Supplied information.

----

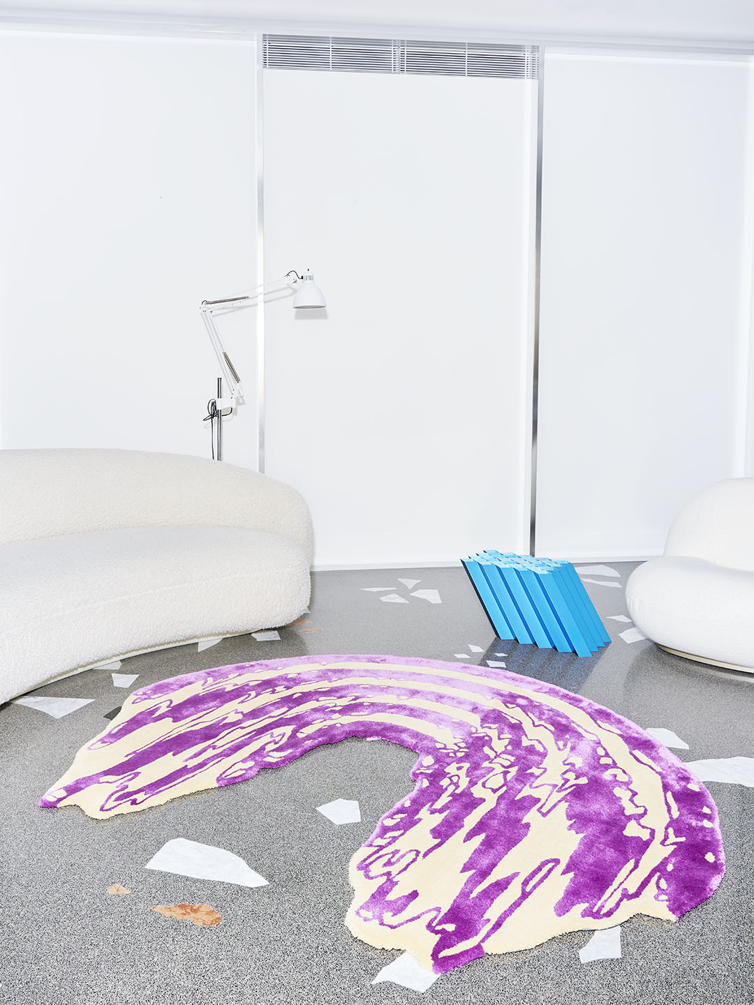 La collezione di tappeti Floor Is Lava di PLACéE è composta da sei opere che ritraggono in chiave bicromatica la deformazione superficiale che si verifica dopo un'esplosione piroclastica.Telai orizzontali o verticali.
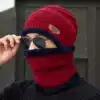 Winter knitted hat Men's warm collar hat plus velvet thickened cold hat Riding windproof hat Korean version
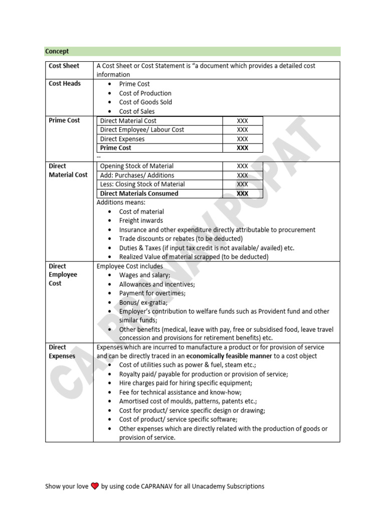 Cost Sheet A Cost Sheet or Cost Statement is “a document which provides a detailed cost
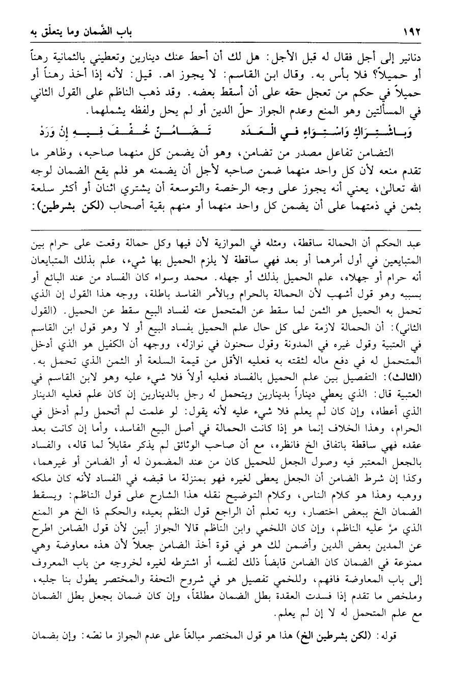 وباشتراك واستواء في العدد تضامن خفف فيه إن ورد التضامن تفاعل مصدر من تضامن وهو أن يضمن كل منهما صاحبه وظاهر ما تقدم منعه لأن كل واحد منهما ضمن صاحبه لأجل أن يضمنه هو فلم يقع الضمان لوجه الله تعالى يعني أنه يجوز على وجه الرخصة والتوسعة أن يشتري اثنان أو أكثر سلعة بثمن في ذمتهما على أن يضمن كل واحد منهما أو منهم بقية أصحاب لكن بشرطين

----

Try it.
Restate the listing word for word, pictures excluded.

Answer section.
 La collezione di tappeti Floor Is Lava di PLACéE è composta da sei opere che ritraggono in chiave bicromatica la deformazione superficiale che si verifica dopo un'esplosione piroclastica.Telai orizzontali o verticali.
 Winter knitted hat Men's warm collar hat plus velvet thickened cold hat Riding windproof hat Korean version
 Cost Sheet A Cost Sheet or Cost Statement is “a document which provides a detailed cost
 وباشتراك واستواء في العدد تضامن خفف فيه إن ورد التضامن تفاعل مصدر من تضامن وهو أن يضمن كل منهما صاحبه وظاهر ما تقدم منعه لأن كل واحد منهما ضمن صاحبه لأجل أن يضمنه هو فلم يقع الضمان لوجه الله تعالى يعني أنه يجوز على وجه الرخصة والتوسعة أن يشتري اثنان أو أكثر سلعة بثمن في ذمتهما على أن يضمن كل واحد منهما أو منهم بقية أصحاب لكن بشرطين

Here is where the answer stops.